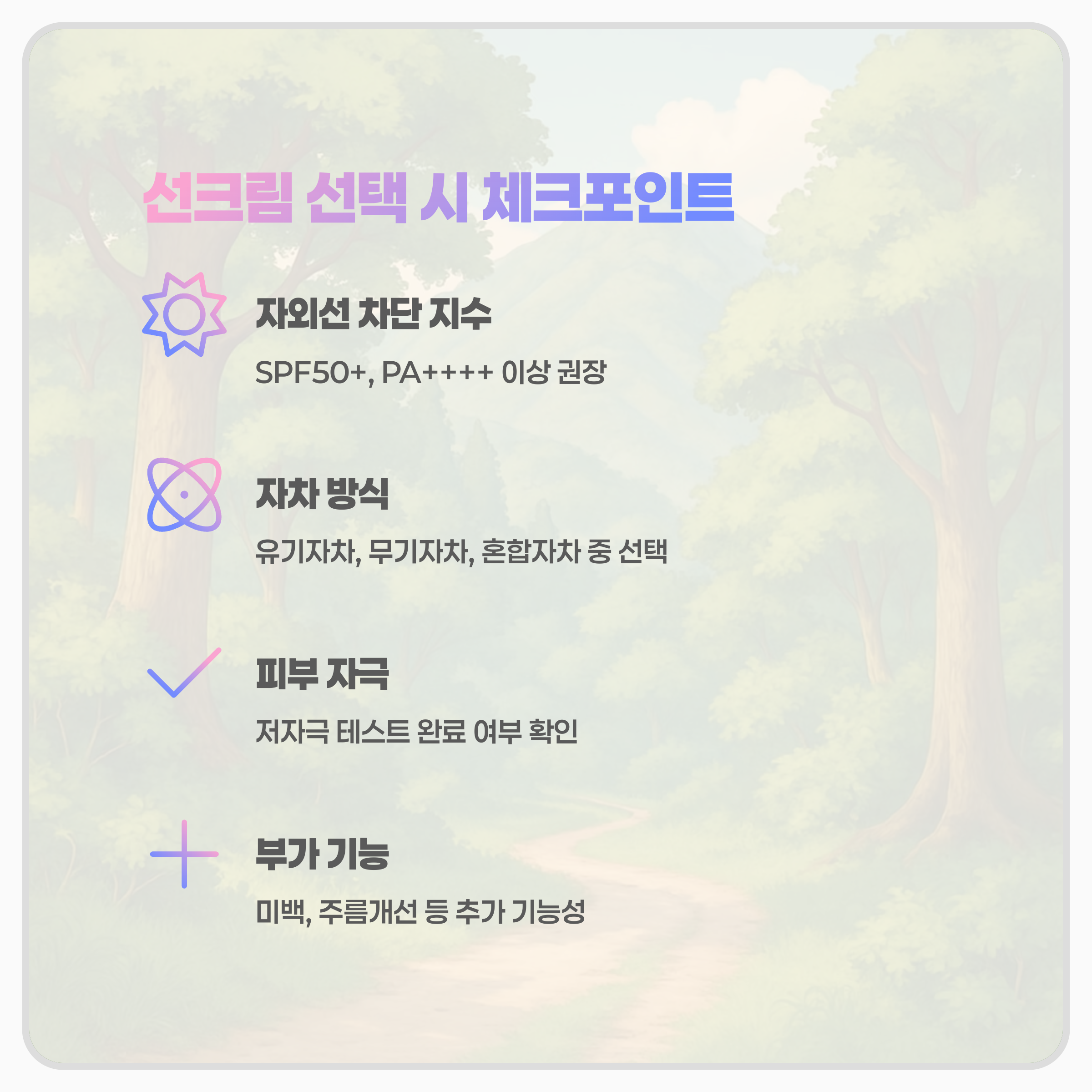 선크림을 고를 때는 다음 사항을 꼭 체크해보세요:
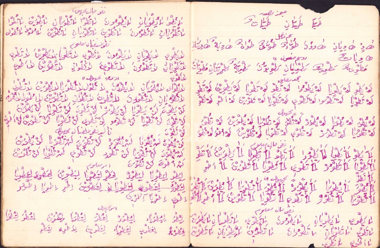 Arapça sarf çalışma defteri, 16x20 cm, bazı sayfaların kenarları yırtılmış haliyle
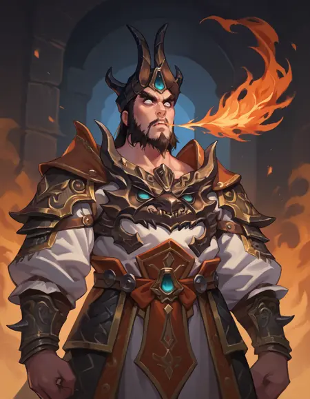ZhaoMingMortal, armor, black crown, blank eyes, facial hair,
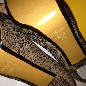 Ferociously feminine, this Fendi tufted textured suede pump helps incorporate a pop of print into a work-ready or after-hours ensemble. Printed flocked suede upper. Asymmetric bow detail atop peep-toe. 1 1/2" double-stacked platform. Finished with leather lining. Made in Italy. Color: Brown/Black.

Task statement ▸ Reproduce the data in full. Do not carry over any picture.

Exercise response ▸
 선크림을 고를 때는 다음 사항을 꼭 체크해보세요:
 Arapça sarf çalışma defteri, 16x20 cm, bazı sayfaların kenarları yırtılmış haliyle
ZhaoMingMortal, armor, black crown, blank eyes, facial hair,
 Ferociously feminine, this Fendi tufted textured suede pump helps incorporate a pop of print into a work-ready or after-hours ensemble. Printed flocked suede upper. Asymmetric bow detail atop peep-toe. 1 1/2" double-stacked platform. Finished with leather lining. Made in Italy. Color: Brown/Black.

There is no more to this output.